China’s banking regulator sought to ease concerns about the health of the nation’s lenders and the informal lending market, vowing to control risks and stressing measures already taken by the government are showing results.
Ratings companies and investment analysts have “underestimated” the nation’s determination and ability to carry out reforms, and are “talking down” the nation’s economy and banking industry, Chairman Liu Mingkang said, according to a transcript of a speech he gave that was posted on the website of the China Banking Regulatory Commission. The regulator is paying “great attention,” Liu said.
Premier Wen Jiabao last week pledged more support for smaller companies after media reports highlighted a credit squeeze that has driven many businesses to the so-called shadow banking system to obtain loans. More than 80 businessmen in the eastern city of Wenzhou have disappeared, committed suicide or declared bankruptcy to avoid repaying debts to informal lenders, the official Xinhua News Agency reported on Oct. 12.
“The authorities want to monitor the situation to ensure localized distress remains localized and treatable with sector-specific measures,” said Tim Condon, Singapore-based head of Asian research at ING Groep NV and a former World Bank economist. “Monetary tightening will ultimately spread to the shadow banking system and we’re seeing the results of this in Wenzhou.”
Bank Shares Drop
The People’s Bank of China has raised interest rates five times in the past year and restricted lending to cool inflation. Liu acknowledged that the tighter liquidity has “spawned various shadow banking activities,” which the regulator will “strictly control.”

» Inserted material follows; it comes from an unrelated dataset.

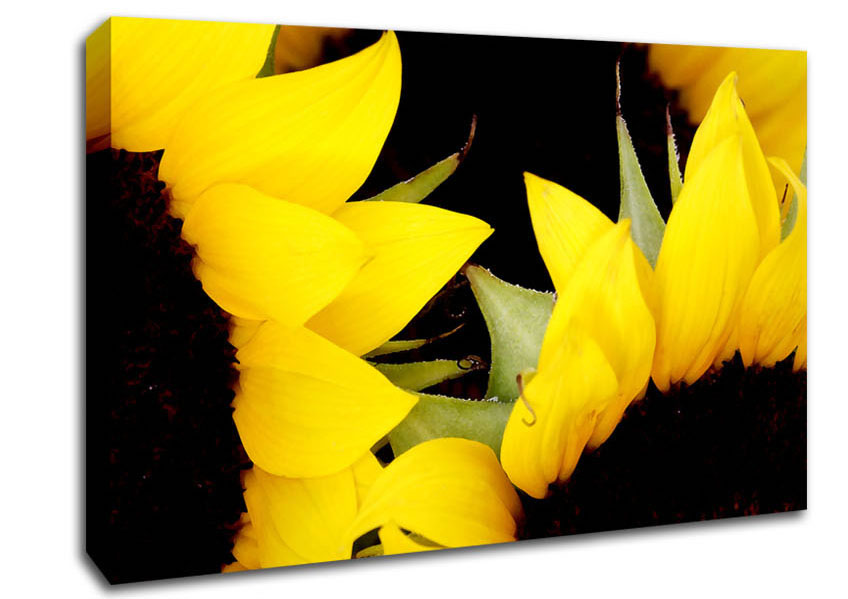 Yellow Sunflower Twins Close-Up Canvas Print handmade in the UK. Stretched over a 2 inch thick wooden box frame, ready to hang on your wall.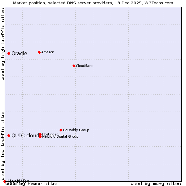 TechnologiesContent ManagementServer-side Languages Client-side Languages JavaScript Libraries CSS Frameworks Web Servers Web Panels Operating Systems Web Hosting Data Centers Reverse Proxies DNS Servers Email Servers SSL Certificate Authorities Content Delivery Traffic Analysis Tools Advertising Networks Tag Managers Social Widgets Site Elements Structured Data Markup Languages Character Encodings Image File Formats Top Level Domains Server Locations Content Languages | Technologies > DNS Servers > Technology usage comparison Comparison of the usage statistics of QUIC.cloud vs. Oracle vs. HostMDs for websitesThis report shows the usage statistics of QUIC.cloud vs. Oracle vs. HostMDs as DNS server provider on the web. See technologies overview for explanations on the methodologies used in the surveys. Our reports are updated daily. UsageThis diagram shows the percentages of websites using the selected technologies. How to read the diagram:

Shares of China’s banks fell less than the benchmark Shanghai Composite Index today. Industrial and Commercial Bank of China Ltd. declined 0.24 percent, China Construction Bank Corp. dropped 1.1 percent, Agricultural Bank of China Ltd. fell 1.2 percent and Bank of China Ltd. declined 1.3 percent as of the 11:30 a.m. trading break. The index fell 1.95 percent.
State-run fund Central Huijin Investment Ltd. said last week it would start increasing its holdings in the nation’s four biggest state-owned commercial banks after their shares dropped on concerns that bad debts are increasing on loans to property developers and companies set up by local governments to build infrastructure.
Monitoring Shadow Banking
The central bank put the size of private lending at 3.38 trillion yuan ($530 billion) as of May based on an investigation it carried out in June, the 21st Century Business Herald reported today, citing an unidentified person close to the monetary authority. The PBOC plans a second probe and may introduce a monitoring system, according to the newspaper. A press official at the central bank declined to comment on the report.

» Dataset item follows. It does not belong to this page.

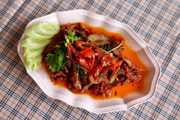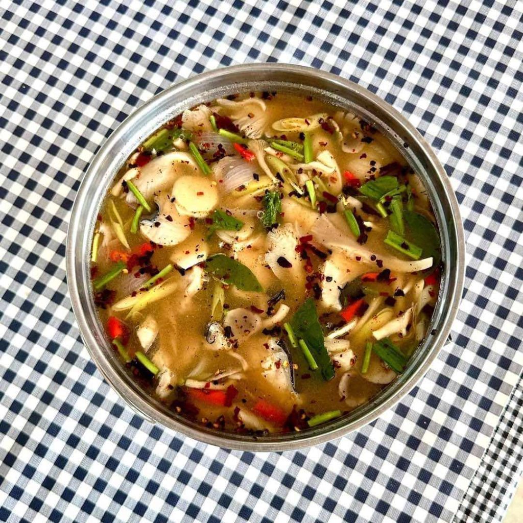 - ต้มยำปลาคัง เนื้อปลาแล่เป็นชิ้น ไม่ติดก้าง ใส่กะเพราและโหระพาเพิ่มความหอม พริกคั่วเอง รสจัดจ้าน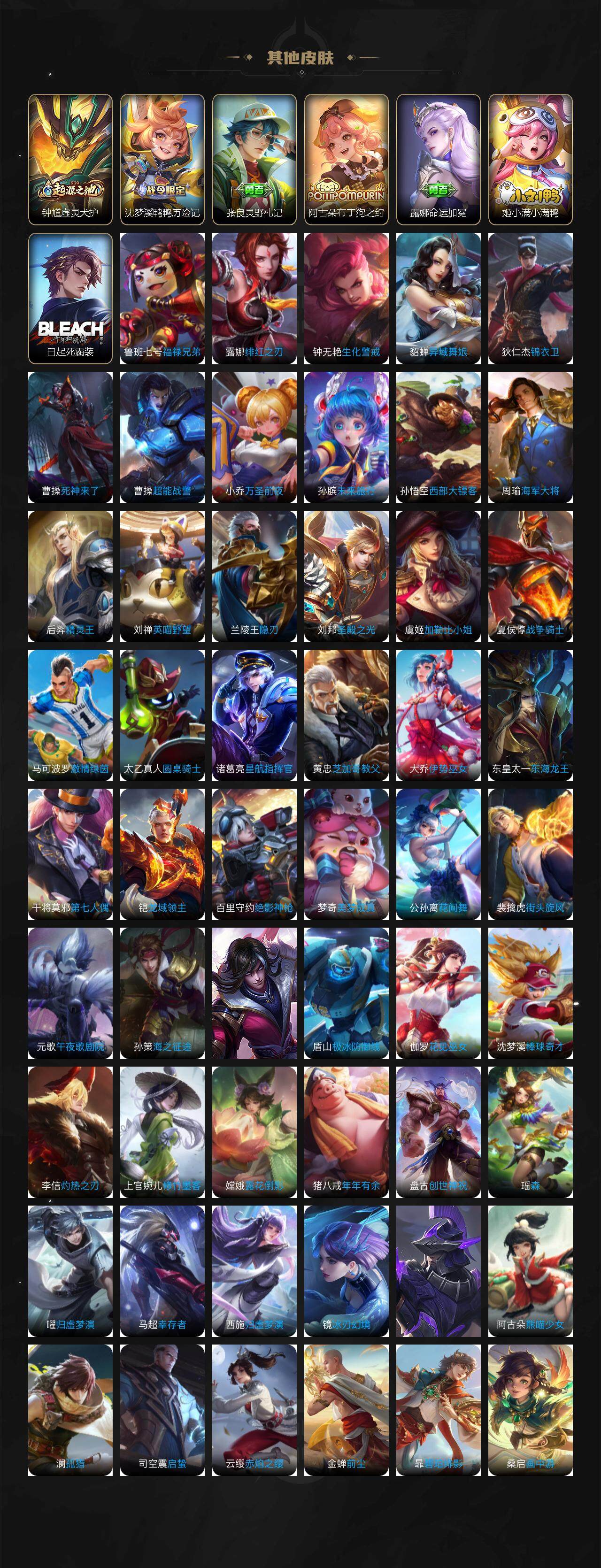 【限定皮肤】:狄仁杰阴阳师,赵云皇家上将,赵云引擎之心,墨子神迹守卫,孙尚香蔷薇恋人,阿轲迷踪丽影,扁鹊奇幻香踪,白起夜都怪侠,吕布御风骁将,马可波罗山海玄木吟,马可波罗妄想实况,狄仁杰魔术师,狄仁杰万华元夜,达摩星际陆战队,达摩沙漠行僧,项羽海滩派对,项羽无限倾心,老夫子圣诞老人,老夫子醍醐杖,老夫子航海奇遇记,关羽百相守梦,程咬金演武夺筹,刘邦夺宝奇兵,韩信逐梦之影,兰陵王金庭之子,花木兰燃星之曲,孙悟空美猴王,孙悟空至尊宝,牛魔御旌,后羿辉光之辰,后羿圣弓游侠,李元芳银河之约,虞姬启明星使,虞姬无限倾心,钟馗神迹守卫,钟馗驱傩正仪,杨戬潮玩骑兵,干将莫邪真爱魔法,蔡文姬繁星吟游,鬼谷子原初探秘者,鬼谷子五谷丰年,大乔挚爱花嫁,苏烈千军破阵,弈星混沌棋,沈梦溪星空之诺,明世隐疑决卦,裴擒虎擒涛扼浪,米莱狄御霄,云中君纤云弄巧,李信山海炽霜斩,伽罗天狼溯光者,盾山御銮,孙策挚爱之约,猪八戒猪悟能,上官婉儿梁祝,上官婉儿妄想奇谈,嫦娥暖冬兔眠,曜山海苍雷引,西施玲珑珍味,鲁班大师探海日志,桑启海盐诗旅,夏洛特浮生妄,暃星界游侠,戈娅驭风魔法,赵怀真鹤归松栖,云缨鹤归松栖,鬼谷子天穹祈灯,刘邦剑破天穹

UBS AG economist Wang Tao estimated private lending may be as much as 4 trillion yuan, or 10 percent of gross domestic product, according to an Oct. 11 note to clients.
The central bank’s introduction this year of an aggregate financing measure, designed to capture other funding sources in the economy including bond and stock issues and banks’ off balance-sheet loans, “is an explicit recognition of the importance of the shadow banking system,” ING’s Condon said.
In his speech, Liu also cited the debts of local government financing vehicles and property developers as concerns, according to the transcript.
“It’s undeniable that the lack of supervision and management of local government financing vehicles have created some hidden risks,” Liu said.
Local governments, barred from directly selling bonds and taking bank loans, have set up thousands of companies to raise money to fund investment in roads, sewage plants and subways. A report by the nation’s audit office in June found more than 6,576 local government financing vehicles had outstanding debt of 10.7 trillion yuan.
Concerns are also growing that the government’s crackdown on the real-estate industry, continued tightening to rein in inflation that hit a three-year high in July and slowing economic growth will leave many companies unable to pay back their loans.
Chinese developers face an “increasingly severe” credit outlook and a 30 percent decline in sales may leave many facing a liquidity squeeze, ratings company Standard & Poor’s said last month.
Banks’ overall bad debt ratio on real-estate lending is lower than 2 percent and recent stress tests show that they can withstand a 40 percent decline in property prices, Liu said yesterday. Property lending accounted for 19.8 percent of total outstanding loans at the end of August, he said.
The worst of the “panic and hysteria” over informal lending in China may be over as the city of Wenzhou works with businesses and the central government to stabilize credit, UBS’s Wang said in her note.
“The size of informal lending is relatively small and the concerns about the direct impact on the formal banking sector and the economy are exaggerated,” Hong Kong-based Wang said. The “bigger risks are credit withdrawal in both the formal and informal lending market and contagion,” she said.